12.2 Indemnification by GSK. GSK hereby agrees to Indemnify Gilead and its Affiliates, agents, directors, officers and employees (the "Gilead Indemnitees") from and against any and all Losses resulting from Third Party Claims arising directly or indirectly out of (i) a breach of any of GSK's representations and warranties or covenants pursuant to Article 11; [ * ]; (ii) the development, manufacture, storage, handling, use, sale, offer for sale or importation of Licensed Products by GSK or its Affiliates, Permitted Sublicensees or Distributors in the GSK Territory; or (iii) GSK's (or its Affiliates', Distributors' and Permitted Sublicensees') use of the Gilead Product Marks. GSK's obligation to Indemnify the Gilead Indemnitees pursuant to the foregoing sentence shall not apply to the extent that any such Losses (A) arise from the negligence or intentional misconduct of any Gilead Indemnitee; (B) arise from any breach by Gilead of this Agreement; or (C) are Losses for which Gilead is obligated to Indemnify the GSK Indemnitees pursuant to Section 12.1. Notwithstanding any other term of this Section 12.2, GSK hereby confirms that it shall remain liable to Indemnify Gilead in accordance this article 12.2 in relation to any [ * ].
12.3 Procedure.

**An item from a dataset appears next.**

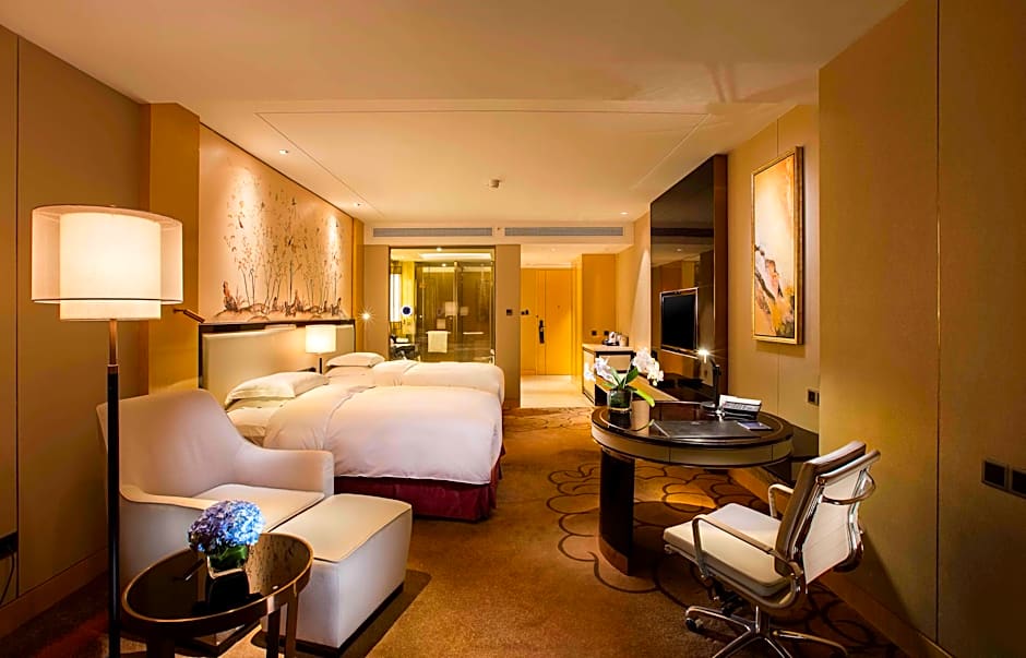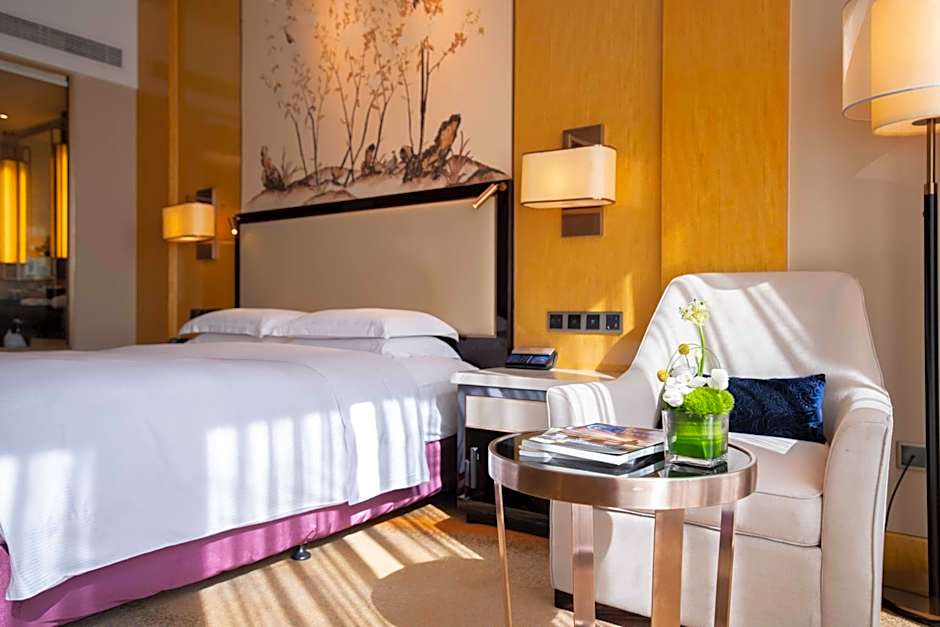 offering a wider stunning view of Yangtze River on higher floor from floor-to-ceiling windows, this room features a 42-inch flat-scree TV, complimentary mineral water, tea and coffee. Private bathroom comes with a rain shower and a separated bathtub.

To be eligible to be Indemnified hereunder, the indemnified Party shall provide the indemnifying Party with prompt notice of the claim giving rise to the indemnification obligation pursuant to this Article 12 and the exclusive ability to defend (with the reasonable cooperation of the indemnified Party) or settle any such claim; provided, however, that the indemnifying Party shall not enter into any settlement for damages other than monetary damages without the indemnified Party's written consent, such consent not to be unreasonably withheld or delayed. The indemnified Party shall have the right to participate, at its own expense and with counsel of its choice, in the defense of any claim or suit that has been assumed by the indemnifying Party. If the Parties cannot agree as to the application of Sections 12.1 and 12.2 to any particular Third Party Claim, the Parties may conduct separate defenses of such Third Party Claim. Each Party reserves the right to claim indemnity from the other in accordance with Sections 12.1 and 12.2 above upon resolution of the underlying claim, notwithstanding the provisions of this Section 12.3 requiring the indemnified Party to tender to the indemnifying Party the exclusive ability to defend such claim or suit.

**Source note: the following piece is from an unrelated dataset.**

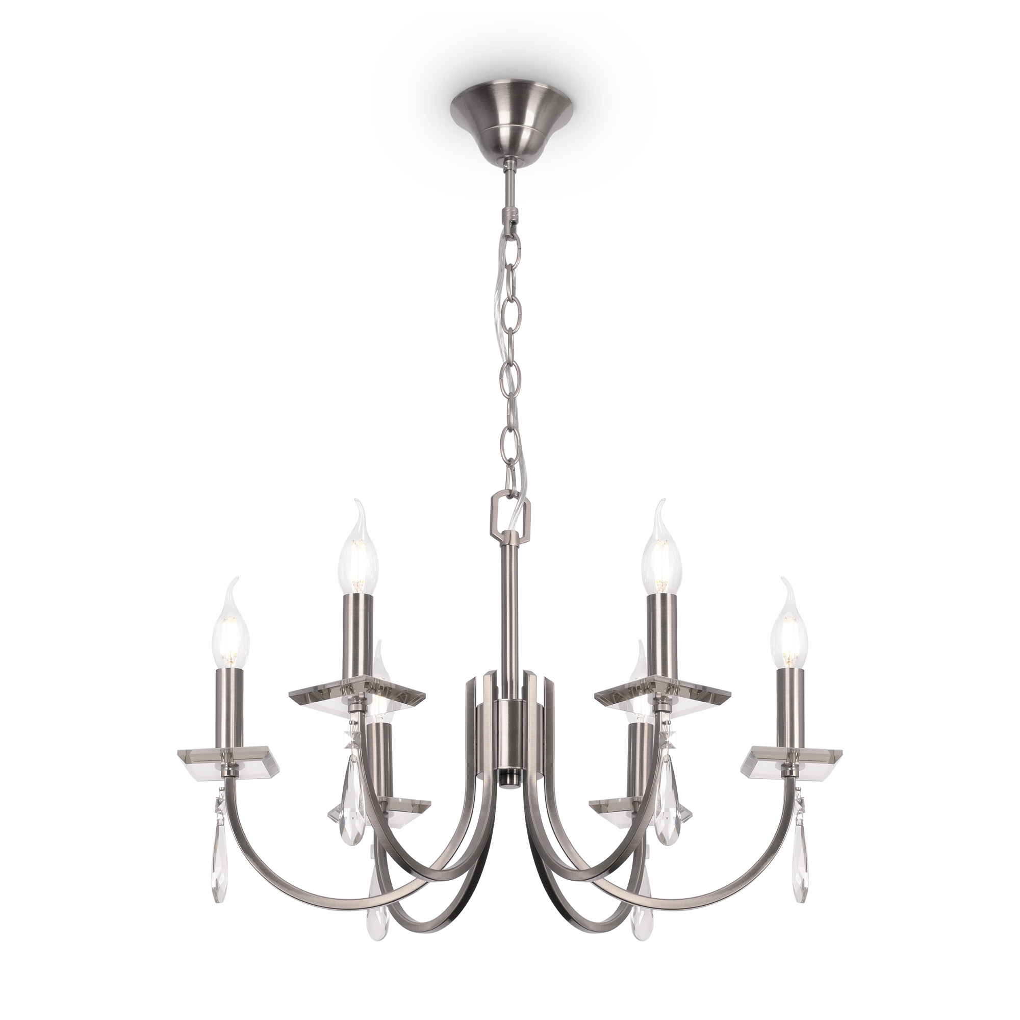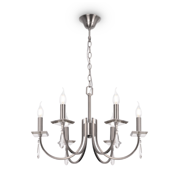 Допускается отличие страны-изготовителя, указанной в характеристиках. Линии производства могут находиться в нескольких государствах. Это не влияет на качество изготовления товара: все заводы данного бренда работают по общим стандартам, а готовые изделия проходят соответствующий контроль.Германия Коллекция Forte ЦветЦвет арматуры Никель Цвет Никель Материал арматуры Металл РазмерыВысота (мм) 1423 Диаметр (мм) 580 Высота минимальная (мм) 598 Ширина (мм) 580 ЭлектрикаКоличество ламп (шт) 6 Цоколь E14 Лампочки в комплекте Нет в комплекте Мощность лампы (Вт) 40 Напряжение (В) 220 Дополнительная информацияСпособ крепления Крюк Степень защиты (IP) IP20 Вес (Кг) 3,22 Тип подвеса На цепи -

12.4 Insurance. Each Party shall procure and maintain insurance, including product liability insurance, adequate to cover its obligations hereunder and which are consistent with normal business practices of prudent companies similarly situated at all times during which any Licensed Product is being clinically tested with human subjects or commercially distributed or sold. It is understood that such insurance shall not be construed to create a limit of either Party's liability with respect to its indemnification obligations under this Article 12. Each Party shall provide the other with written evidence of such insurance upon request. Each Party shall provide the other with written notice at least [ * ] prior to the cancellation, non-renewal or material change in such insurance or self-insurance which materially adversely affects the rights of the other Party hereunder.
12.5 Limitation of Liability. EXCEPT TO THE EXTENT SUCH PARTY MAY BE REQUIRED TO INDEMNIFY THE OTHER PARTY UNDER THIS ARTICLE 12, NEITHER PARTY NOR ITS RESPECTIVE AFFILIATES AND PERMITTED SUBLICENSEES SHALL BE LIABLE FOR SPECIAL, EXEMPLARY, CONSEQUENTIAL OR PUNITIVE DAMAGES, WHETHER IN CONTRACT, WARRANTY, TORT, STRICT LIABILITY OR OTHERWISE.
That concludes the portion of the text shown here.